Exercise data:
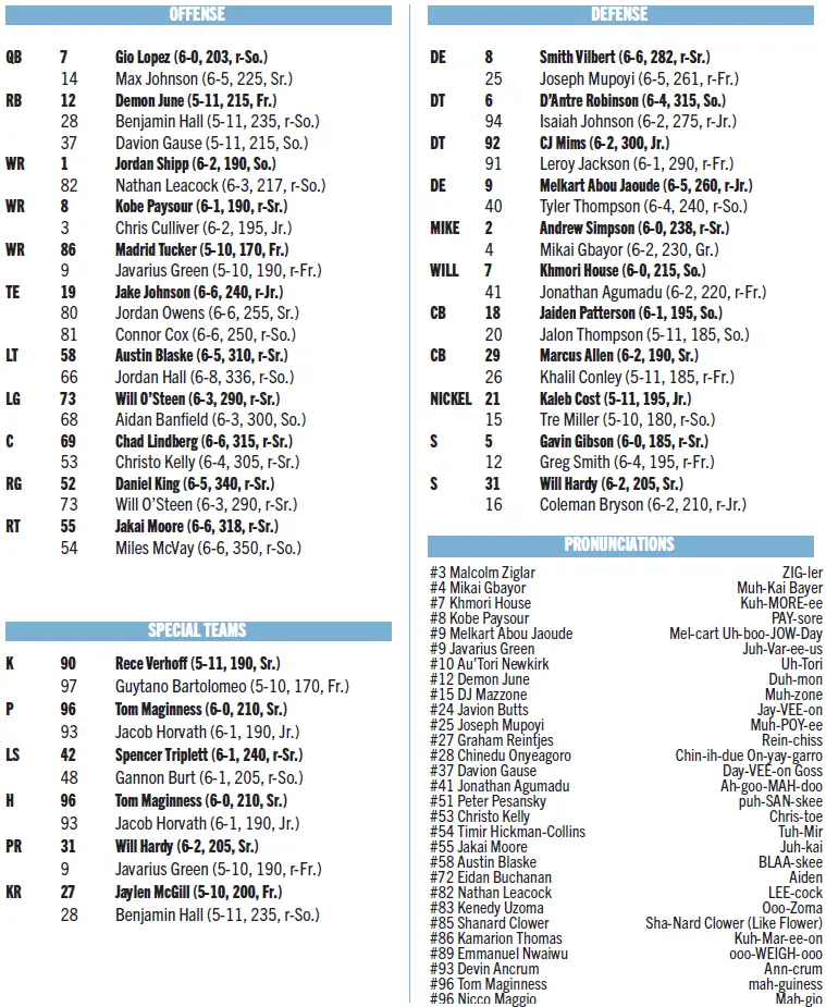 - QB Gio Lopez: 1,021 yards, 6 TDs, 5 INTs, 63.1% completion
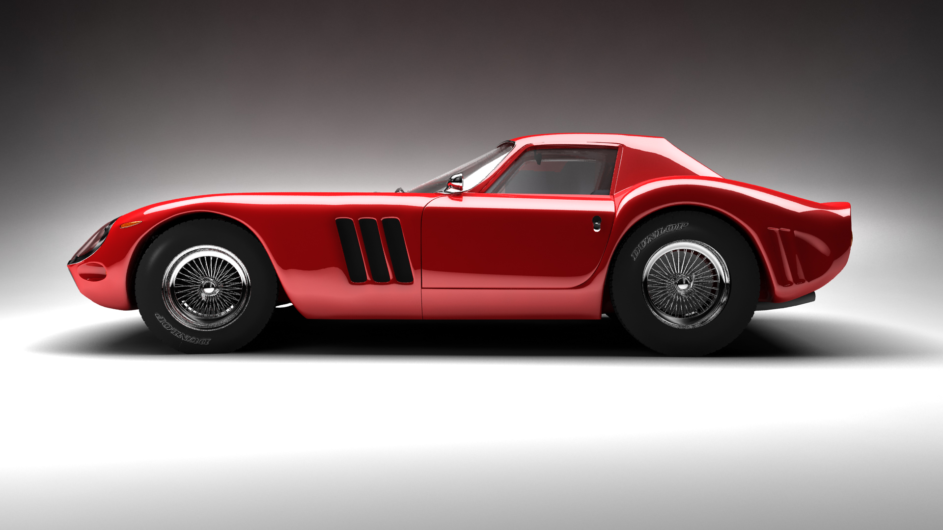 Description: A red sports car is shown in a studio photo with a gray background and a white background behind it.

...

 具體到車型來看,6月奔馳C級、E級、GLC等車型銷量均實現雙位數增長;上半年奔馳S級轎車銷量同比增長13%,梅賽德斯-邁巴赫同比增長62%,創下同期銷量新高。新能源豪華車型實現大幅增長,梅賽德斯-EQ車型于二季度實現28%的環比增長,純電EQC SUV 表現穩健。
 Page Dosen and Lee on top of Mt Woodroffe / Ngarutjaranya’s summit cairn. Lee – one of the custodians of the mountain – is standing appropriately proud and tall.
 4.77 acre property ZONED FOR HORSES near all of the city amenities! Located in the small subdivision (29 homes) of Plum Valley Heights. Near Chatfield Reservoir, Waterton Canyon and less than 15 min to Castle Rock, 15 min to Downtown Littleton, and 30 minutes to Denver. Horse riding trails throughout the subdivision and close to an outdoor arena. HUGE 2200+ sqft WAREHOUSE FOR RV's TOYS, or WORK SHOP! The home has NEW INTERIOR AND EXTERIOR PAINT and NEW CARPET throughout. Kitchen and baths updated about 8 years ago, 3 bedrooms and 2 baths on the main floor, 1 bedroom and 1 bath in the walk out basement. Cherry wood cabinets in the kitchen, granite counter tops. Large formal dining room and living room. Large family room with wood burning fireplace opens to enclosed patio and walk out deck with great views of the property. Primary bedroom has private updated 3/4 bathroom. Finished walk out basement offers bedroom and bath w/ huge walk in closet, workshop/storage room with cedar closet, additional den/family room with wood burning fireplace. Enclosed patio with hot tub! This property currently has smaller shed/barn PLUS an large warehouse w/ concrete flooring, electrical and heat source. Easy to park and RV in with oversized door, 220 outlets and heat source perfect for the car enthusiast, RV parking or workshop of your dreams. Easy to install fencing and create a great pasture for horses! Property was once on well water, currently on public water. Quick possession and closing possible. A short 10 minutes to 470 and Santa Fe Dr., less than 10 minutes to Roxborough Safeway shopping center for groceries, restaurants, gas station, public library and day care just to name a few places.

Your goal: In the listing above, find the line containing "- QB Gio Lopez: 1,021" and the line containing "Description: A red", then write out both of them and every line between, exactly, with no pictures.

Solution to the problem:
 - QB Gio Lopez: 1,021 yards, 6 TDs, 5 INTs, 63.1% completion
 Description: A red sports car is shown in a studio photo with a gray background and a white background behind it.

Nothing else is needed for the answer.